The new year ushered in a change for Indiana's online shoppers.
The Hoosier state was one of three states to join the 16 whose residents already pay sales tax on Amazon purchases. Nevada and Tennessee are the other two new additions.
"People are supposed to claim that on their income tax return," said state Sen. Luke Kenley, R-Noblesville, who is on the bipartisan task force for state and local taxes. "The problem is that most people don't bother to think about it or worry about it."
In Indiana, companies are required to collect sales tax only if they have a physical -- brick and mortar -- presence in the state. Although Amazon does have a warehouse near Indianapolis, it doesn't meet the legal requirements for a physical presence that would obligate it to collect sales tax, Kenley said.
But the online retailer brokered an agreement with Indiana officials in 2012 to voluntarily begin collecting and remitting sales tax in the state beginning Jan. 1 of this year.
Former Gov. Mitch Daniels' office put out a news release in January 2012, when the agreement was reached, saying state officials estimated sales tax revenue from Amazon would come to about $20 million to $25 million per year. The Department of Revenue declined to comment Thursday on the current estimates, saying it cannot give out information on an individual taxpayer.
The National Conference of State Legislatures estimated in 2009 that Indiana's uncollected use tax from all remote sales in 2012 would be almost $399 million, and more than $195 million of that would come from electronic transactions such as those from online retailers.
Since that time, "the amount of online commerce has probably gone up above our estimates," said Max
Behlke, manager of state-federal relations for the bipartisan organization. "No one will know what the actual numbers are that states are losing until they collect them."
In early 2013, an effort to require online-only retailers to collect sales tax in Indiana failed in the General Assembly because Senate leaders thought it would interfere with the Amazon deal.
"It is an economic fairness issue," said state Sen.

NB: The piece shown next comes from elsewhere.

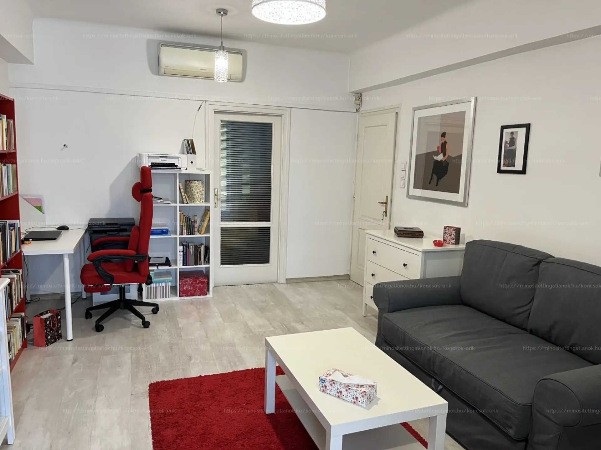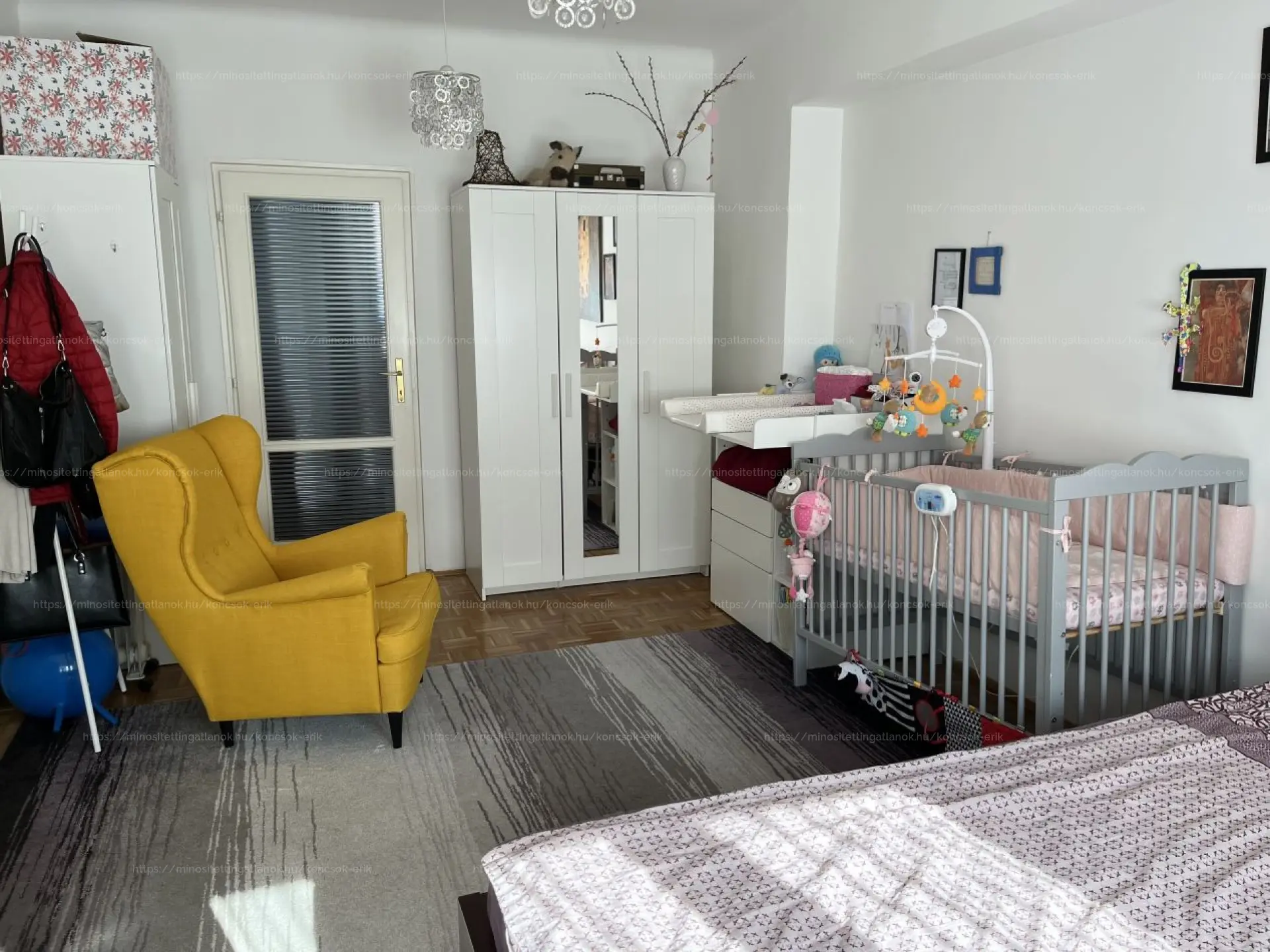 A lakás elosztása ideális: a két szoba egybe és külön is nyílik, az egyik az utcára, a másik egy hangulatos fitnessparkra néz. A nyílászárók műanyagok, szúnyoghálóval és redőnnyel felszerelve. A hűtésről nyáron légkondi gondoskodik.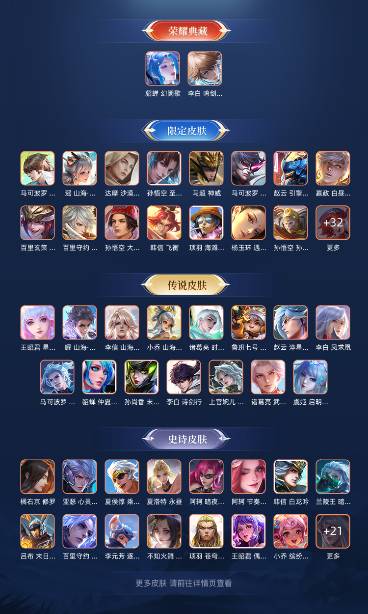 【V7 331皮】有李白和貂蝉的典藏皮肤,还有很多传说皮肤

John Broden, D-South Bend, who authored the bill. He feels online retailers should not get preferential treatment over traditional retailers.
Broden points out that big-box retailers with an online presence, such as Best Buy and Target, have been required to remit sales tax.
These retailers often see shoppers come into their locations to shop but then make purchases from an online retailer that doesn't collect sales tax, he said. And when the item being purchased is, for example, a $2,000 flat-screen TV, Indiana's 7 percent sales tax can add up.
Asking people to claim it on their income tax forms doesn't work, he said.
"Some are completely unaware that it is required and others might be miffed about the forms they have to fill out," he said. "Also, someone might make a purchase in March and forget about it when they are doing their taxes nine or 10 months later."
Instead, he would like to see all online retailers be required to collect sales tax.
That might happen.
A bill called the Marketplace Fairness Act has passed the U.S. Senate. It would allow states to enforce tax laws currently being ignored, but would require that states simplify their sales tax laws in order to make multi-state sales tax collection easy. Proponents of the bill say it would generate billions for state budgets and cost the federal government nothing.
The bill's backers include Amazon, which came out in support in 2012. The company feels that if all online retailers are required to collect sales tax, it would level the playing field among competitors. The company acknowledged that there should be exemptions for small online businesses but asked Congress to consider keeping that threshold low.